Show HN: I built a frontpage for personal blogs(text.blogosphere.app)
With social media and now AI, its important to keep the indie web alive. There are many people who write frequently. Blogosphere tries to highlight them by fetching the recent posts from personal blogs across many categories.

There are two versions: Minimal (HN-inspired, fast, static): https://text.blogosphere.app/ Non-minimal: https://blogosphere.app/

If you don't find your blog (or your favorite ones), please add them. I will review and approve it.

555 points | 157 comments
matheusmoreira 35 seconds ago|
> If you don't find your blog, please add them.

> RSS / Atom Feed URL *

I really need to implement an RSS/Atom feed in my static site generator, the lack of this feature is really starting to hurt. I can probably get Claude to help me with this.

susam 4 hours ago||
This is a very nice project! Thank you for creating it and sharing it here on HN. I like the minimal version more but the modern version is quite nice too. I would probably stick to the minimal version but since it seems to lack the search feature I end up using the modern version for that.

By the way, some minor issues I found:

1. In the minimal version, when browsing the list of blogs I cannot get past page 12. The last page the UI lets me navigate to is https://text.blogosphere.app/blogs-12 which shows blogs up to names starting with 'M'. I can reach page 13 by manually editing the URL to https://text.blogosphere.app/blogs-13 which shows two blogs starting with 'N'. However, pages 14 and beyond just load the home page. Surely there are more blogs with names starting with 'O', 'P', etc.?

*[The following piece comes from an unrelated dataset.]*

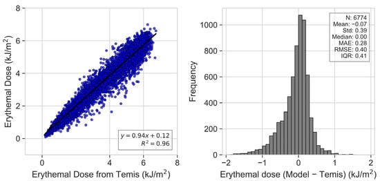 Scatter plot between the daily erythemal UV doses from the model and TEMIS (left panel) for Athalassa during the period 2004–2023. Distribution of the absolute differences between daily erythemal doses from the model and TEMIS (right panel).

2. The modern version at https://blogosphere.app/ uses infinite scroll, which makes it impossible to reach the footer. Each time I scroll down, more content loads and pushes the footer further away. I was only able to view the footer by modifying the DOM in the browser's developer tools. It would be nice if there were a straightforward way to access the footer.

ramkarthikk 2 hours ago|
Thank you for the detailed feedback. I'm glad you like this project.

1. Yeah, there are definitely more blogs. Seems like an issue paginating and fetching it at build time. I will check this. 2. I generally don't prefer infinite scroll but since people are used to it on social media, I kept it on the modern version. It does make it impossible to see the footer. I will figure out a way around this. In the meantime, the "Submit" page should display the footer.

I'm also going to add search to the minimal version since I also prefer it over the modern version and search is useful.

sphars 27 minutes ago||
Regarding the infinite scroll with the footer, I like the path Valve has taken with the Steam store homepage. The footer is part of the infinite scroll, as in, when you reach the footer, the infinite scroll continues.
Hard_Space 7 hours ago||
Incredible that we are regressing back to webrings and hand-curated lists like this, both of which I remember well. That's not a criticism! I guess that the quality-drop in search wasn't quite enough to make it happen, but the advent of AI content predomination will be.
coldpie 7 hours ago||
> Incredible that we are regressing back to webrings and hand-curated lists like this

One of these hand-curated blog aggregator websites pops up on HN about every month. They're cool and good on the author for trying to solve the problem, but it seems like the wrong approach to me. They're too disorganized, a random collection of mostly tech- and politics-related writing from random people with zero way to vet the quality of the writing. They also require the creator/owner to care about the project for the long-term, which is unlikely. I never revisit the aggregators.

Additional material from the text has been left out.